■ **About this task**
Output exactly the lines below from the one containing "小紋 身丈155.5cm 裄丈62.5cm S 薄物 紬地 草花 ベージュ 正絹 秀品" to the last line, both included. Omit pictures.

■ **Information given**
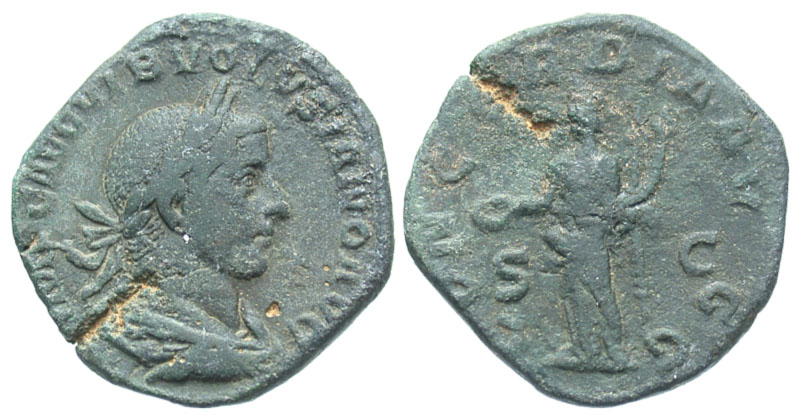 Lot 22-090. Volusian. A.D. 251-253. Æ sestertius. Rome mint, Struck A.D. 253.
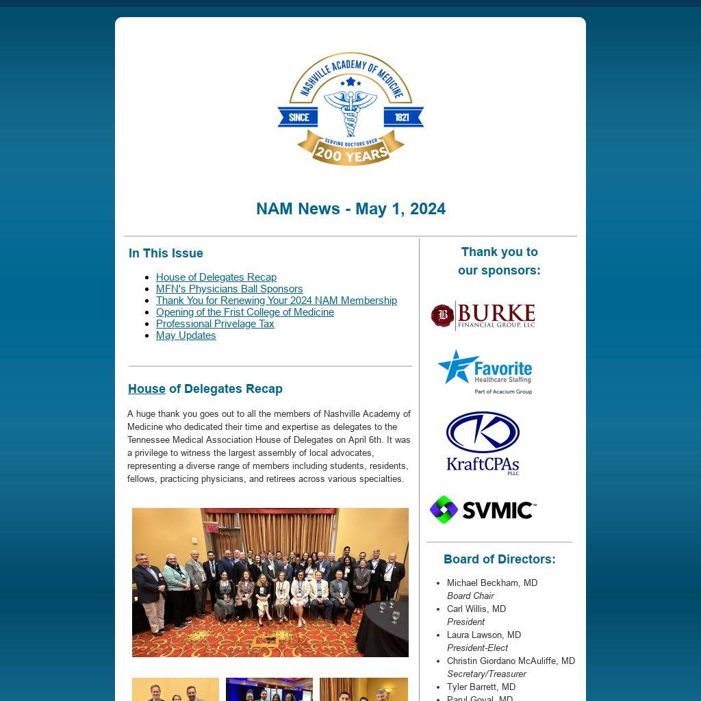 A huge thank you goes out to all the members of Nashville Academy of Medicine who dedicated their time and expertise as delegates to the Tennessee Medical Association House of Delegates on April 6th. It was a privilege to witness the largest assembly of local advocates, representing a diverse range of members including students, residents, fellows, practicing physicians, and retirees across various specialties.
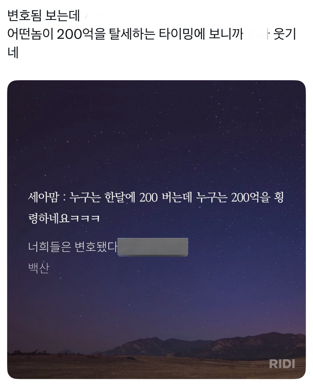 [기타]200억 탈세를 예지한 사람 작성자로또여내게로오라|작성시간26.01.26|조회수19,623 목록 댓글 5 글자크기 작게가 글자크기 크게가 출처: 여성시대 로또여내게로오라https://x.com/fegetiger/status/2015505966356406681?s=46문제시 수정! 다음검색 현재 게시글 추가 기능 열기 북마크 공유하기 신고 센터로 신고 댓글 댓글 5 댓글쓰기 답글쓰기 댓글 리스트 작성자저속멜1섭 | 작성시간 26.01.26 ㅅㅂㅋㅋㅋㅋㅋㅋ 작성자sonar | 작성시간 26.01.26 찾아보니 완결된건데 이런 우연이ㅋㅋㅋ 작성자지우 | 작성시간 26.01.26 ㅋㅋㅋㅋㅋㅋㅋㅋㅋㅋㅋㅋㅋㅋㅋㅋㅋㅋㅋㅋ 작성자너너뉘기야 | 작성시간 26.01.26 설마했는데 너변호ㄷㄷㄷㅋㅋㅋㅋㅋㅋㅋ 작성자밸라곰 | 작성시간 26.01.26 싸갏 개웃겨요 댓글 전체보기
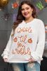 White Gobble Til You Wobble Pop Up Crochet Plus Size Sweater is a cozy choice for the holiday season, blending style and comfort effortlessly. The casual design of this sweater makes it perfect for a laid-back day out or a fun weekend gathering with friends. Featuring adorable fruit and vegetable prints along with trendy letter patterns, this sweater adds a playful touch to your outfit. Crafted with a rib-knit texture, this sweater offers a flattering fit and durability, ensuring it lasts through many wearings. Ideal for retailers looking to offer stylish plus-size options, this sweater is available for wholesale orders to stock up on fashionable winter apparel.
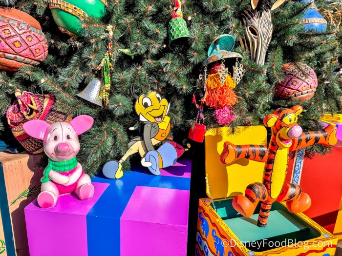 Seriously, I’m obsessed. Tigger is in a jack-in-the-box, and Piglet looks like a stuffed animal. Even Jiminy Cricket is getting his time to shine. Many of the ornaments look hand-carved, which ties into the Animal Kingdom aesthetic.
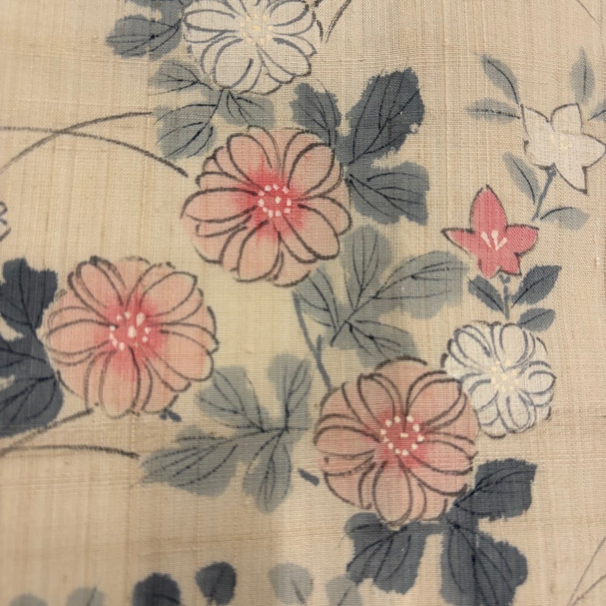 小紋 身丈155.5cm 裄丈62.5cm S 薄物 紬地 草花 ベージュ 正絹 秀品
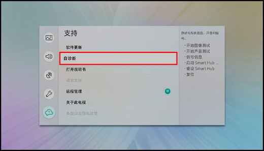益达娱乐Q9F系列电视具有自诊断声音测试功能,通过此功能可以检测电视自身声音是否出现故障,操作方法如下:

■ **Answer for this exercise**
 小紋 身丈155.5cm 裄丈62.5cm S 薄物 紬地 草花 ベージュ 正絹 秀品
益达娱乐Q9F系列电视具有自诊断声音测试功能,通过此功能可以检测电视自身声音是否出现故障,操作方法如下:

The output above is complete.